Scientific classification
- Kingdom: Animalia
- Phylum: Chordata
- Class: Reptilia
- Order: Squamata
- Suborder: Serpentes
- Family: Viperidae
- Genus: Bitis
- Species: B. schneideri
- Binomial name: Bitis schneideri (Boettger, 1886)
- Synonyms: Vipera Schneideri Boettger, 1886; Bitis caudalis paucisquamatis Mertens, 1954; Bitis paucisquamata — FitzSimons, 1962; Bitis caudalis paucisquamata — Klemmer, 1963; Bitis paucisquamatis — FitzSimons, 1966; Bitis schneideri — Haacke, 1975;

= Bitis schneideri =

- Genus: Bitis
- Species: schneideri
- Authority: (Boettger, 1886)
- Conservation status: LC
- Synonyms: Vipera Schneideri , Boettger, 1886, Bitis caudalis paucisquamatis , Mertens, 1954, Bitis paucisquamata , — FitzSimons, 1962, Bitis caudalis paucisquamata , — Klemmer, 1963, Bitis paucisquamatis , — FitzSimons, 1966, Bitis schneideri , — Haacke, 1975

Species of snake

Common names: Namaqua dwarf adder, spotted dwarf adder, Schneider's adder.
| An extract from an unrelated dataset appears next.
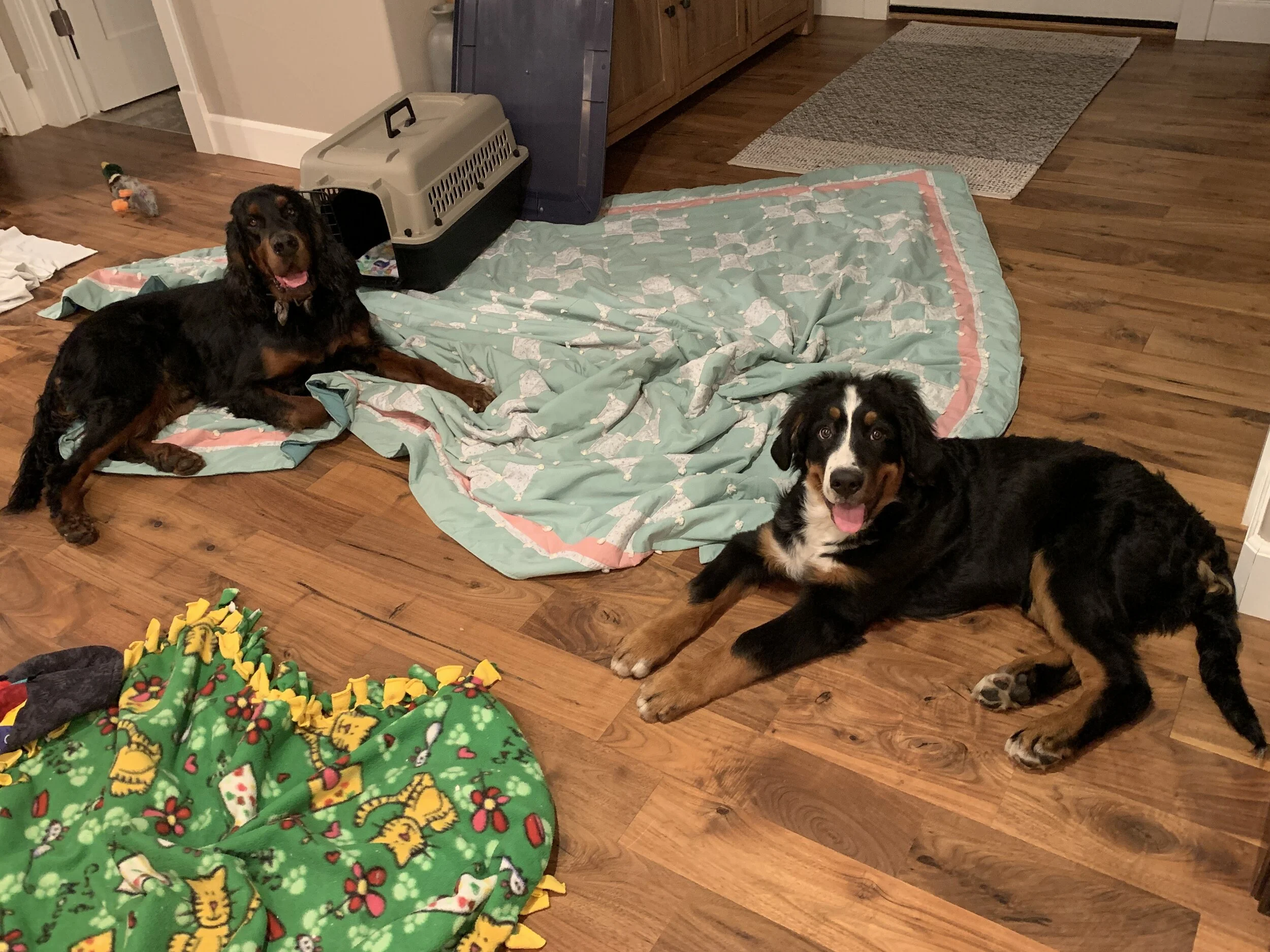 A few weeks ago, Kjempe got to spend a week with Fischer, a gordon setter that my Ex and I had together. They had to relocate to Utah, so we do not see them often. Those two had such a fun time together and Kjempe was visibly sad when they left. We hope they come back to visit soon. Looking forward to the winter season. Kjempe will start to learn age appropriate harnessing and driving tactics for Skijoring because I love to x-country ski.”

Bitis schneideri is a species of venomous snake in the subfamily Viperinae of the family Viperidae. The species is native to a small coastal region that straddles the border between Namibia and South Africa. B. schneideri is the smallest species in the genus Bitis and possibly the world's smallest viper. There are no subspecies that are currently recognized as being valid.

==Etymology==
The specific name, schneideri, was given by Oskar Boettger in honor of "Dr. Oskar Schneider in Dresden ", a friend of Boettger. Oskar Schneider (1841–1903) was a conchologist.

==Description==
With an average total length (including tail) of 18–25 cm (7–10 in) and a maximum reported total length of 28 cm, B. schneideri is the smallest species of the genus Bitis and possibly the world's smallest viperid.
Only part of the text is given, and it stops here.